As to the case made for the defendants, little can be said. The facts which seem to have convinced the Director of Public Works and the Secretary of Commerce and Communications of the better rights of the defendants are not before us. The defense in the lower court was merely a general denial and an attempt to overcome plaintiff's pretensions, while not effectively making an affirmative showing.

The facts of record are far from satisfactory and fall short of that certainty which is always desirable in judicial trials. This lead us to say something further regarding the decisions of administrative officers in irrigation controversies and the procedure which should be followed when the matter is brought before the courts.

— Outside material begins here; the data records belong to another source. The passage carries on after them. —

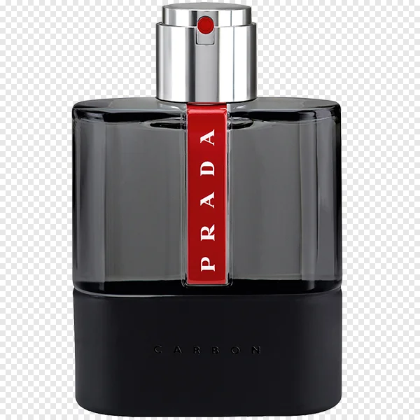 Download a high-quality, transparent PNG image of the Prada Carbon perfume bottle! Perfect for graphic design projects, website mockups, marketing materials, or adding a touch of luxury to your creations. This free-to-use image features the iconic black bottle with the bold red 'PRADA' lettering and 'CARBON' text. Enhance your designs with this stylish and versatile asset – download now and enjoy!
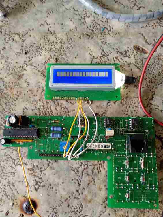 allora per prova ho smontato il display, ho riparato il led di retroilluminazione per vedere cosa si vede provato a collegare volante e questo e quello che si vede solo quadratini, ho provato ad alimentare solo il diplay e si vede solo la retroiolluminazione i quadratini si vedono solo se collego il pin 3 contrasto ,se aggisco sul trimmer il contrasto funziona se stacco il pin 3 i quadratini scompaiono. domanda, perche' le scritte non appaiono? devo collegare dell'altro? sara' il display ko? e la terza volta che provo a domandare cosa facessero quei due integrati ma non ho avuto risposta. altra domanda numeri o lettere del display dovrebbero vedersi anche ad alimentarlo singolarmente? se si mi sa' allora che e ko. aspetto qualche dritta grazie. a ho tolto e rimesso il processore il display non varia sempre cosi. -
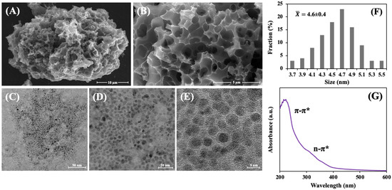 Figure 2C–E displays typical FE-TEM images of GQDs, while Figure 2F presents the diameter distributions of GQDs. Within the range of 3.7 to 5.5 nm, the GQDs exhibited uniform diameters, with an average diameter of 4.6 ± 0.4 nm. Figure 2G displays the UV–vis spectrum of the GQDs. A typical absorption peak was observed, and it contained both the π-π* and the n-π* structures. As a result of the aromatic sp2 hybridized carbon atoms, the π-π* bonds were attributed to the C=C bonds, while the n-π* bonds were attributed to the oxygen present in the GQDs [37,38].
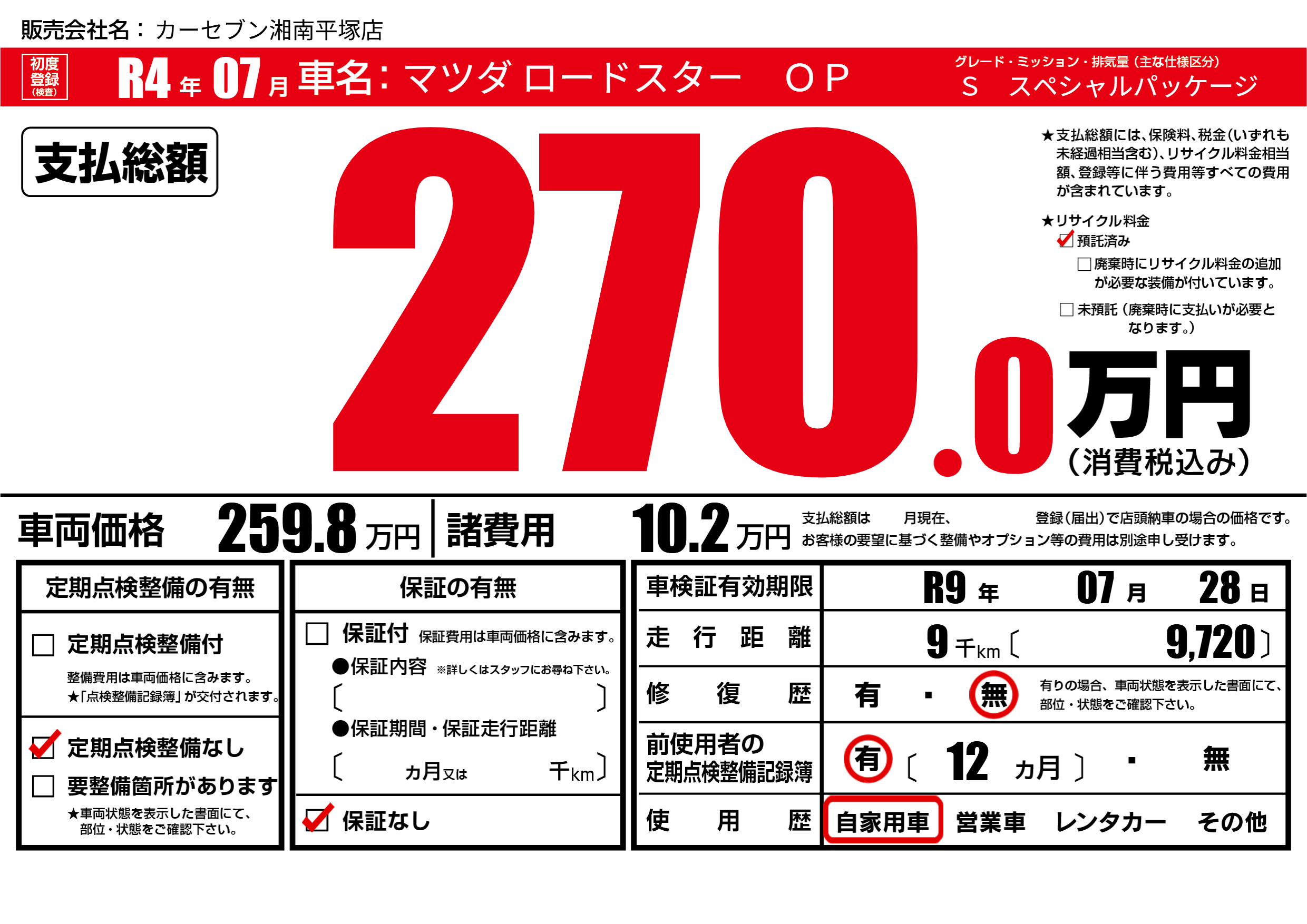 | 車名 | マツダ ロードスター OP | グレード ミッション 排気量 |
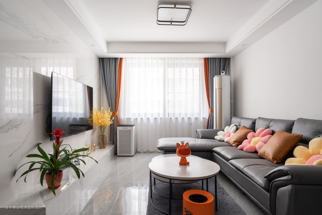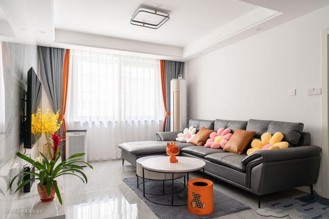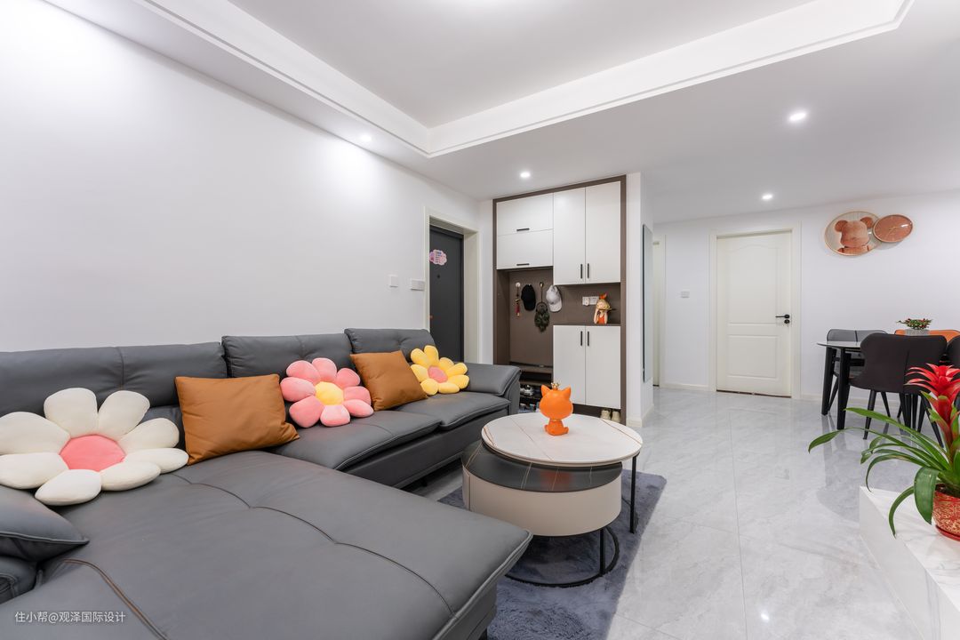 灰色系大气宽敞的7字型皮质沙发,沙发与地毯,错落圆茶几围合成一处午休、聊天、看电视的实用场景功能,选择抬高的支腿,方便打扫;客厅休闲、娱乐、家务量少,完全符合了业主母女二人的需求。 并且全屋都做了相应的柜体,完善家居收纳美学。
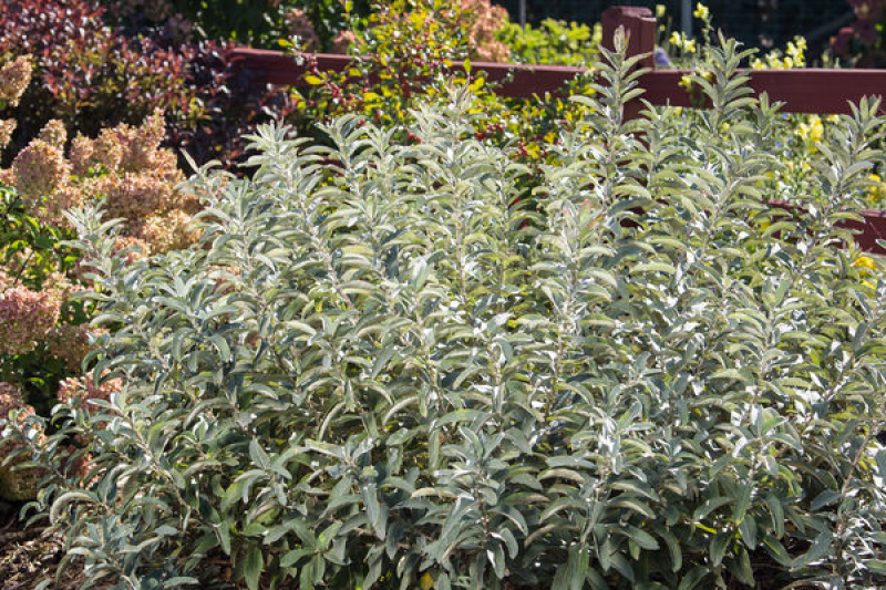 This Sageleaf Willow shrub has powdery, silver foliage and is a great addition to the landscape, adding texture and contrast when combined with other shrubs. It forms a rounded shape and does not overtake the landscape, reaching a height and spread of about 5-6 feet. It blooms in spring with silver catkins, red stamens, and nectar for pollinators. Iceberg Alley is tolerant of moist soils and a great choice for rain gardens.
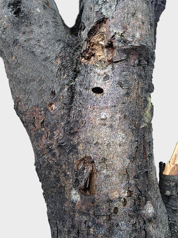 Saperda populnea per intenderci) L'ingrossamento, se presente, è graduale e costante non più lungo di 8-10 cm, e lo spessore maggiore raggiunge all'centro ca 1/3 - 1/2 in più del spessore del ramo sano. Tuttavia non è sempre cosi.

In many of the states of the American Union which have adopted irrigation codes, notably in the State of Wyoming, general authority over the making of appropriations is given to the state engineer. The statutes placing discretion in these matters with the state engineer are not unconstitutional as conferring on him judicial powers, since his determination is at most quasi-judicial only and since the right of direct appeal to the courts is expressly allowed. (Boise etc. Co. vs. Atewart [1904], 10 Idaho, 38; Farm Inv. Co. vs. Carpenter [1909], 9 Wyo., 110.) The engineer is authorized to adjudicate on priorities and grant permits. Proceedings in court are a continuation of ex parte proceedings before an executive official. Such officers act merely in an administrative capacity. However, the decisions of these, administrative officers, when not appealed from in time, are conclusive. (See Wiel, Water Rights in the Western States, Part I, Chapter VIII; Part IV, Chapter II Waha Lewiston & Water Co. vs. Lewiston-Sweetwater Irrigation Co. Ltd. [1907], 158 Fed., 137.)

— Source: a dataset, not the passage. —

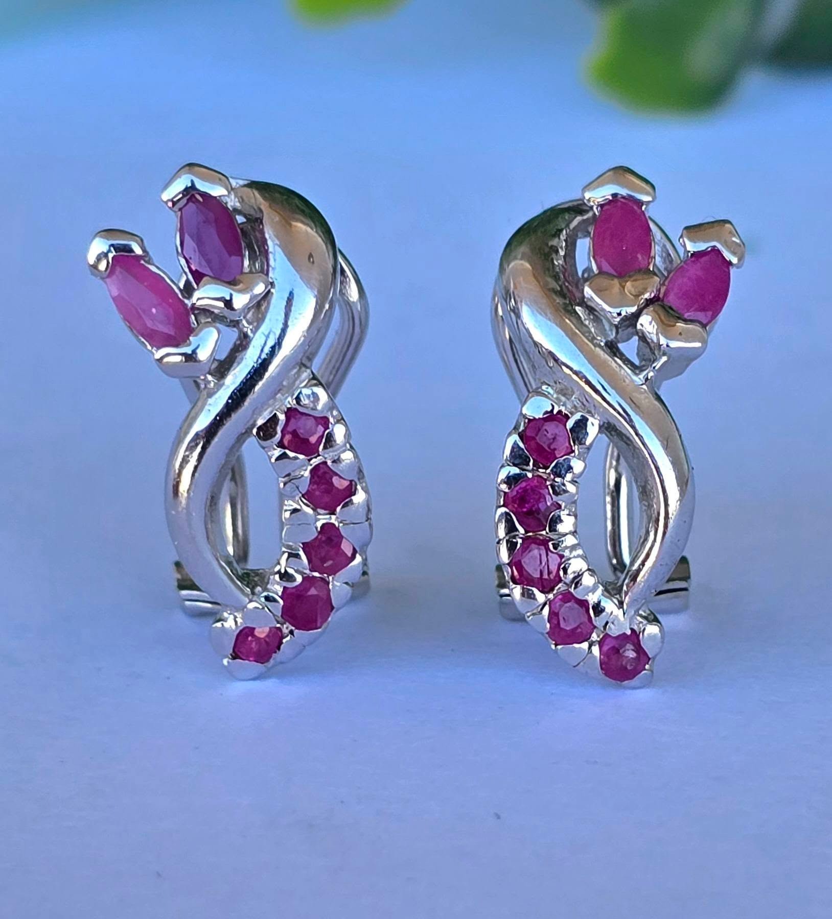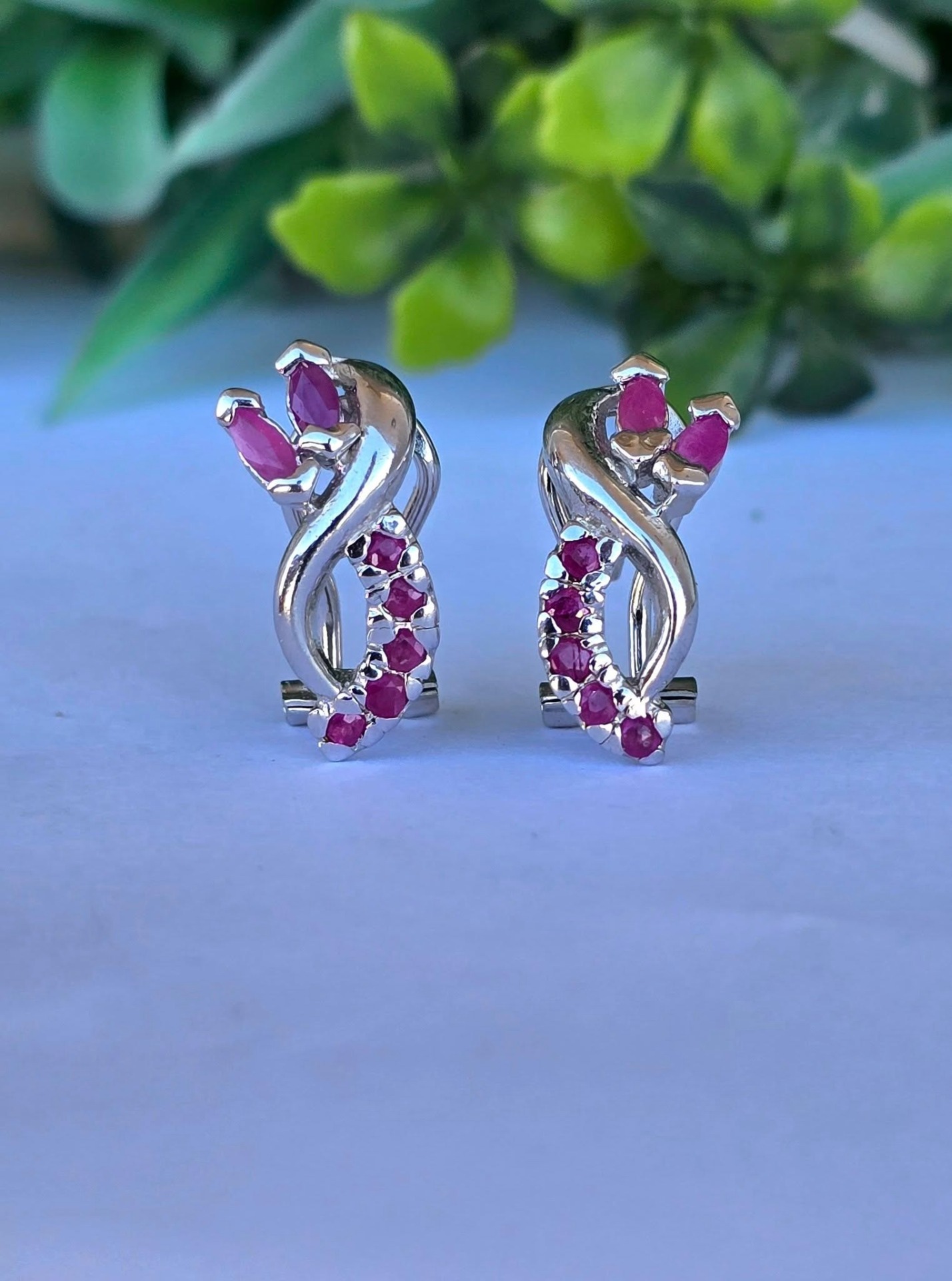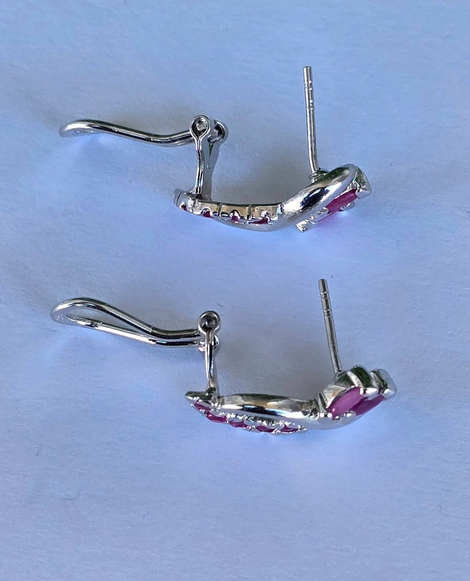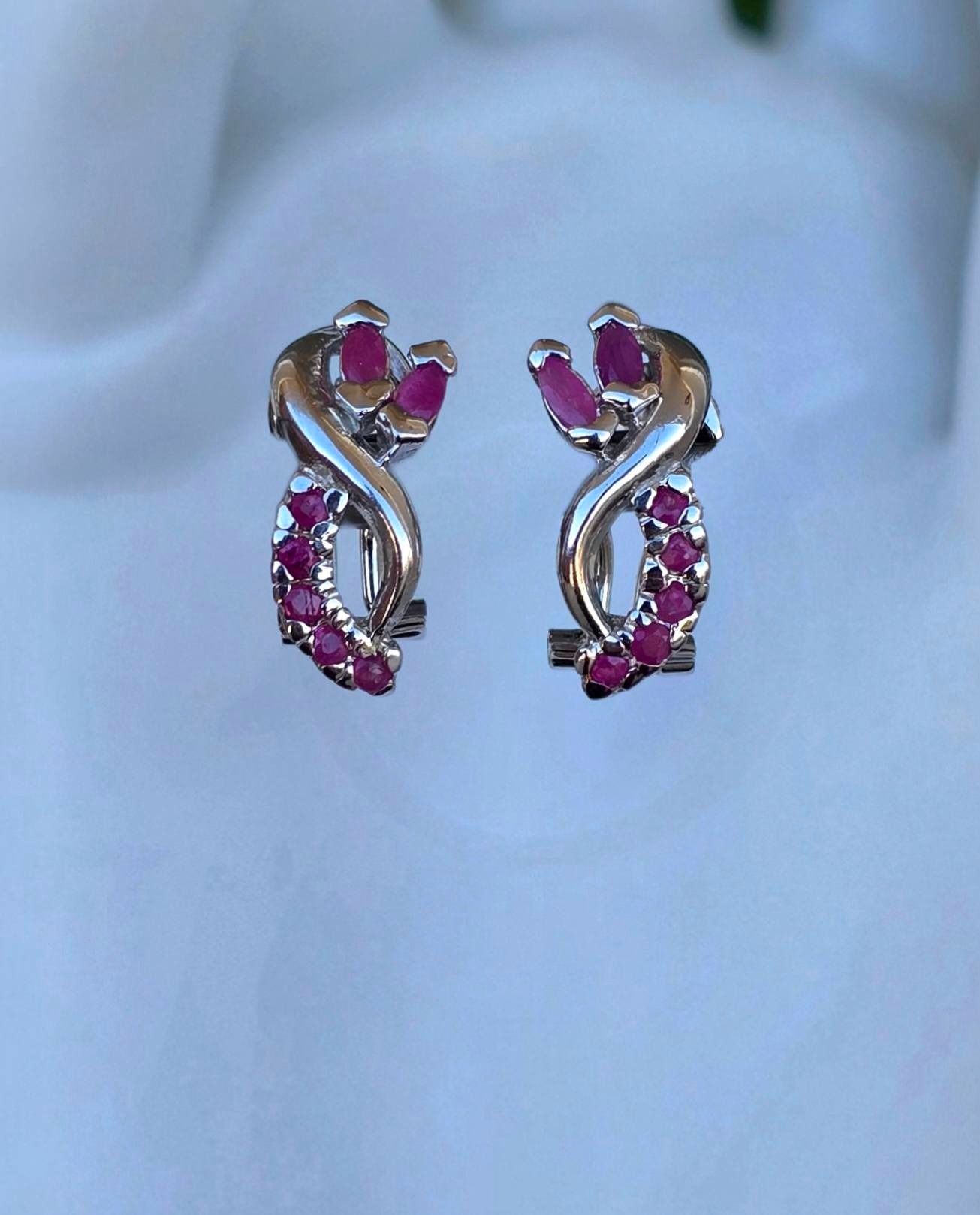 Cercei vechi superbi, din argint rodiat, cu 14 rubine naturale.

Parenthetically, it may be remarked that the decision of the Director of Public Works, affirmed by the Secretary of Commerce and Communications, containing as it does the technical findings of officers especially qualified in irrigation engineering, should invariably be made a part of the judicial record because, (1) the determination of these officials would be most helpful to the courts, and (2) the exact date of the decision is of moment since it decides whether the appeal was taken in time. The courts, without doubt, would entertain great respect for the decisions of these administrative officers. Trial courts should require that such decisions be made a part of the complaint before proceeding with the action.

Another thought brought forth by the facts before us is, that since the prime question will usually concern priority of appropriation, the defendant as well as the plaintiff must present affirmative proof if he expects to win his case. Merely attempting to undermine plaintiff's proof is not sufficient, for the plaintiff, having once shown the date of his appropriation, if the defendant cannot show an anterior use, obviously the plaintiff must win.

On the facts before us, the court has come to the conclusion that plaintiff has demonstrated priority of appropriation. The result, consequently, must be, to reverse the judgment appealed from, to declare that the plaintiff has the preferential right to the waters of the estero Bangad for the irrigation of his land, and to order that this decision be registered with the register of deeds of the Province of Nueva Ecija. The costs of both instances shall be taxed against the defendants. So ordered.

Mapa, C.J., Araullo, Avanceña, Moir and Villamor, JJ., concur.